Том 5. Повесть о жизни. Книги 4-6
Шрифт:
Одно время чемпионкой оказалась Мозер. Она перевела прекрасные стихи полузабытого французского поэта-матроса Тристана Корбьера. Мы напечатали их целым циклом, предварив статьей Жюля Лафарга и биографической справкой. В ней было указано, что Тристан Корбьер с юных лет работал матросом, всегда ходил в клетчатом плаще и сабо, успел напечатать в 1873 году в Париже единственную книгу своих стихов и вскоре умер совсем молодым.

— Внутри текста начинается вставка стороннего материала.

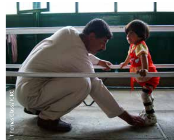
Flere får hjelp: I 2018 fikk over 12.000 nye pasienter hjelp på Røde Kors' ortopediske senter i Afghanistan.

tidligere pasienter. De har fått hjelp til utdanning, og jobber i dag som fysioterapeuter, sykepleiere, teknikere eller kontorarbeidere.
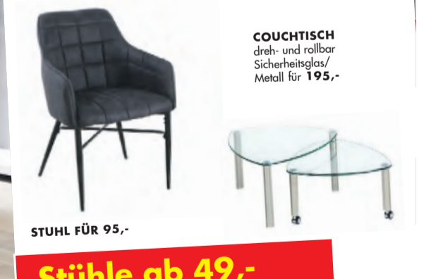
STUHL FÜR 95,-
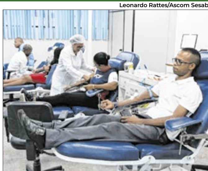
Leonardo Rattes/Ascom Sesab

Estado sedia Encontro de Gestores Federais e Estaduais
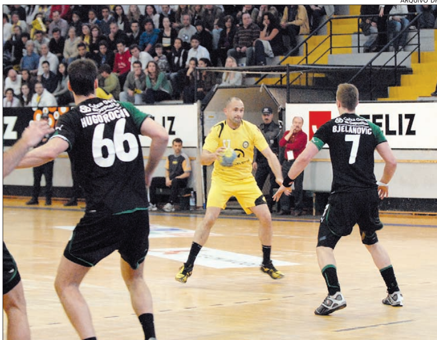
ABC não conseguiu somar novo triunfo no campeonato

Reentrou melhor a equipa de Jorge Rito, com um parcial de 2-5, que levou os bracarenses à primeira de várias vantagens de quatro golos (11-15) aos 40 minutos. A vencer por 13-17, um pouco antes do minuto 50, o ABC teve uma branca que durou até ao final da partida, per-

В своей статье Лафарг писал с французским изяществом, что стихи Корбьера «полны дерзости, сухой крепости, каламбуров, живости, нервной
Но вскоре боцман Миронов, наш сосед по Черноморской улице, вырвал пальму первенства из слабых рук Мозер. Он достал на старом грузовом английском пароходе, носившем необъяснимо нежное имя — «Сердце Елены» (пароход был обшарпанный, с пятнами сурика на бортах и с неистребимым запахом птичьего помета — гуано), рукописную книгу, которая называлась «Библия моряка».
Она была написана на австралийско-английском морском жаргоне и являлась, по нашему общему мнению, фольклором, не имеющим равного в мире.
В руки к Миронову попало несколько глав этой книги. Их надо было быстро переписать, так как пароход «Сердце Елены» через два дня уходил в Эдинбург. Это случилось, конечно, уже после снятия блокады. Перепиской книги под руководством супругов Мозер и Миронова занималась вся редакция.
Начиналась «Библия моряка» главой «Большая молитва». Так звали на парусных кораблях плиту песчаника, которой скоблили палубу. Кроме того, были еще камни поменьше. Они назывались по молитвам: «Патер ностер» («Отче наш»), «Аве Мария» («Здравствуй, Мария»), «Матер долороза» («Скорбящая Богоматерь») и «Мизерере» («Помилуй нас, Господи!»).
Чистить палубу «Большой молитвой» матросов заставляли в виде наказания.
В «Библии моряка» была изображена тяжелая доля матросов на старых парусных кораблях, плававших главным образом между портами Европы и Австралии вокруг мыса Горн.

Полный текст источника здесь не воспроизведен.